The Oglala Sioux Tribe may have become the first Native American tribe to introduce a hate crime law protecting LGBT+ and two spirit people.
There is no comprehensive data on law codes for the 573 federally recognised American Indian tribes, but Indian Country Today reported that it could not find any other hate crime laws that specifically mention LGBT+ and two spirit people.
The Oglala Sioux tribal council voted in favour of the law in a council meeting earlier this month.
Under tribal law, hate crimes committed by people of the Oglala Sioux Tribe are now punishable by up to one year in jail.
The tribe’s home is the Pine Ridge reservation in South Dakota, a state which does not mention crimes targeting victims because of their sexual orientation or gender identity in its state hate crime laws.

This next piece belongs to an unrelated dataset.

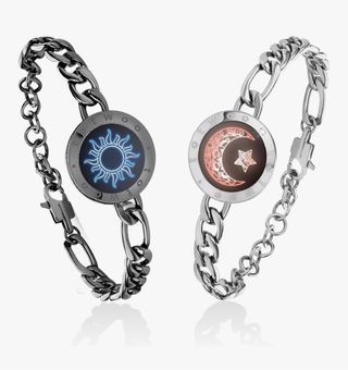 Conjunto de dos pulseras para parejas, una con diseño de sol y otra de luna. - Pulsera con diseño de luna y estrella. - Pulsera con diseño de sol. - Cadena de eslabones.
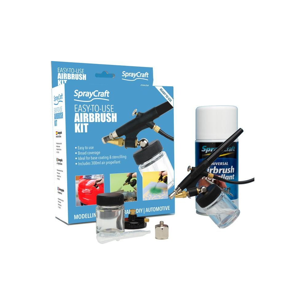 A Spraycraft SP15 egyfunkciós spray pisztoly készlet egyszerűen használható, könnyen irányítható és az alsó tartálynak köszönhetően könnyen tisztítható. Könnyedén fújhat nagyobb területeket, készíthet mintákat sablonok segítségével. A legtöbb festékkel használható. Tartalmaz egy 300 ml-es tartály sűrített levegőt.

However federally recognised American Indian tribes are “domestic dependent nations”, and have some independence when it comes to law.
For example when same-sex marriage was legalised in the US in 2015, this did not apply to American Indian tribes, which have the right to create their own marriage laws.
The Native American Oglala Sioux Tribe became the first in South Dakota to legalise same-sex marriage in July this year. According to Indian Country Today, just 35 of the 573 federally recognised tribes have so far done the same.
Same-sex couple Monique Mousseau and Felipa De Leon, both citizens of the tribe, lobbied for the passing of both the same-sex marriage law and the hate crime law.
Mousseau told Indian Country Today: “LGBTQ folks and their families and friends on Pine Ridge often contact us for support and advice after their loved ones are attacked or commit suicide.
“Although authorities haven’t been keeping data, we know that many suicides on the reservation are related to gay-bashing and shaming.”
In 2017, Jamie Lee Wounded Arrow, a two spirit woman originally from the Pine Ridge reservation who belonged to the Oglala Sioux tribe, was killed in her home.
De Leon said: “I have children and grandchildren. I don’t know how they will identify themselves when they grow up but I want to know they will be safe.”